### Source records:
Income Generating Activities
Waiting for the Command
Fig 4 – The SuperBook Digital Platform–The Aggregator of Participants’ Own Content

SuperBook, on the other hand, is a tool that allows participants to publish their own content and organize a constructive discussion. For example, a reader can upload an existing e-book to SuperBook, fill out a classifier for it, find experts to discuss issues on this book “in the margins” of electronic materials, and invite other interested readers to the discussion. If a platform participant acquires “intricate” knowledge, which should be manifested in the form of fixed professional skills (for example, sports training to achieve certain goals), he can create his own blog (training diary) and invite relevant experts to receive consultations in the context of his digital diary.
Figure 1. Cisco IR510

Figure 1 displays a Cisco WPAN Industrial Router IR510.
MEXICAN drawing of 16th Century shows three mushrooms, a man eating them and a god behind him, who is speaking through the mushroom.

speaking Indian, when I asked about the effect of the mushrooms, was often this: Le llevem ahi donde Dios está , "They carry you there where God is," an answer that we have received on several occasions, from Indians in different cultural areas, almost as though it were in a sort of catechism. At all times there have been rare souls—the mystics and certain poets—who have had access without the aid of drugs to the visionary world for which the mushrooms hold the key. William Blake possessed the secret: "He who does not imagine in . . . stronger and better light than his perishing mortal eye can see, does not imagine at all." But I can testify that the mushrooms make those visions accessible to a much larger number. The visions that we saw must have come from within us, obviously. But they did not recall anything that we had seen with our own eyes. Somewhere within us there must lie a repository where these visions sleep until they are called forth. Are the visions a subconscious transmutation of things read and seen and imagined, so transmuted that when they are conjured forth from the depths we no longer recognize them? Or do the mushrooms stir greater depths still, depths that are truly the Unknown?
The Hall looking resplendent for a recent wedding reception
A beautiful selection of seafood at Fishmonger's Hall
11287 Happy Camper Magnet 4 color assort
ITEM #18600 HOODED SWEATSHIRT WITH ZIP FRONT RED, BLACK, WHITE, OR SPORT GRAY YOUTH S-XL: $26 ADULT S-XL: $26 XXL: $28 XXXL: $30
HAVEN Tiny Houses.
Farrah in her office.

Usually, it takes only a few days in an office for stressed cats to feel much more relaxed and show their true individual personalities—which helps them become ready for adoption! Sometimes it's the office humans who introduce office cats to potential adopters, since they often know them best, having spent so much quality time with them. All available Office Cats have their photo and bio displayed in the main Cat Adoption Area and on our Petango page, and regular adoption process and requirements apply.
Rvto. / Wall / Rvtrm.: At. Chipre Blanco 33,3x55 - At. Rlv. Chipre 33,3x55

--

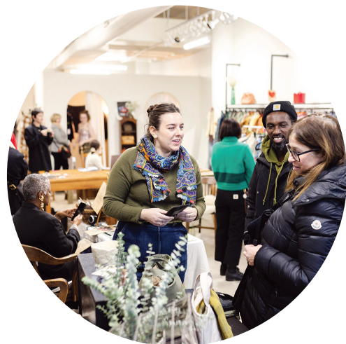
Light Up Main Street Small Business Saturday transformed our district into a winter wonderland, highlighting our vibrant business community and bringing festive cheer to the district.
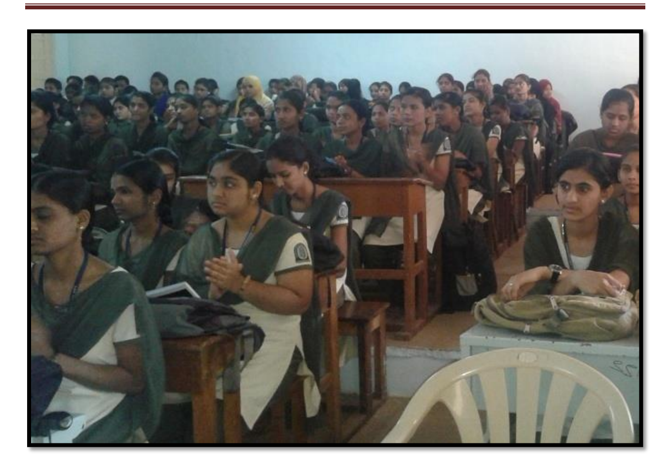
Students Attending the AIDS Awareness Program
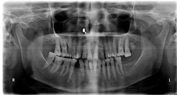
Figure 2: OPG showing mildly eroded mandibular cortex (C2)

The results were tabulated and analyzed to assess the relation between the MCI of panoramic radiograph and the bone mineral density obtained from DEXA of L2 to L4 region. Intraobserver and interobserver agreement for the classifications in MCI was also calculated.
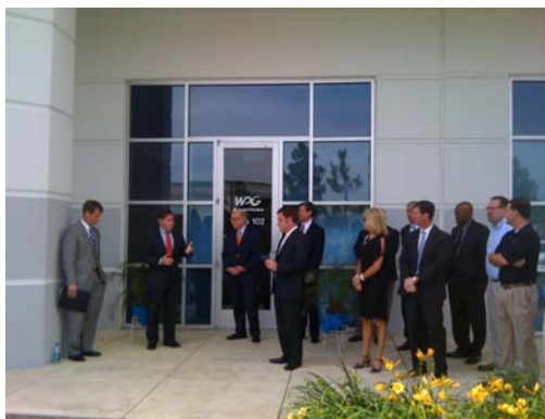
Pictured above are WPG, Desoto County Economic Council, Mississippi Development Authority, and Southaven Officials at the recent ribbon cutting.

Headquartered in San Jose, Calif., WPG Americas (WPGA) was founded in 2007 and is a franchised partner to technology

* * *

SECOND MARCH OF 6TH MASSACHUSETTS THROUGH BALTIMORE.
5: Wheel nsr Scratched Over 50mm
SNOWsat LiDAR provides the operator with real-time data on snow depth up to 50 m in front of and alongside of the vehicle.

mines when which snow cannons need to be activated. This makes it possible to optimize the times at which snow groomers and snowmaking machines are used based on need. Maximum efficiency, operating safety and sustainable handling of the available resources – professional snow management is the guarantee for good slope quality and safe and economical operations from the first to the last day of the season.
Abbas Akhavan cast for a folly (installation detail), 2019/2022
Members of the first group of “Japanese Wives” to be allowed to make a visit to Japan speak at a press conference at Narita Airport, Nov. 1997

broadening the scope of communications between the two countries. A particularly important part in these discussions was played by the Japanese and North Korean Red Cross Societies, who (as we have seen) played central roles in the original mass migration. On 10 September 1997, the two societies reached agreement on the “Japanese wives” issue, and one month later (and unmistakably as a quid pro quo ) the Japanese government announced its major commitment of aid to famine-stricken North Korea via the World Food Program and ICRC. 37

### Assigned task:
Show the lines in the entries above that include the string "agreement".

### Result below:
The results were tabulated and analyzed to assess the relation between the MCI of panoramic radiograph and the bone mineral density obtained from DEXA of L2 to L4 region. Intraobserver and interobserver agreement for the classifications in MCI was also calculated.
broadening the scope of communications between the two countries. A particularly important part in these discussions was played by the Japanese and North Korean Red Cross Societies, who (as we have seen) played central roles in the original mass migration. On 10 September 1997, the two societies reached agreement on the “Japanese wives” issue, and one month later (and unmistakably as a quid pro quo ) the Japanese government announced its major commitment of aid to famine-stricken North Korea via the World Food Program and ICRC. 37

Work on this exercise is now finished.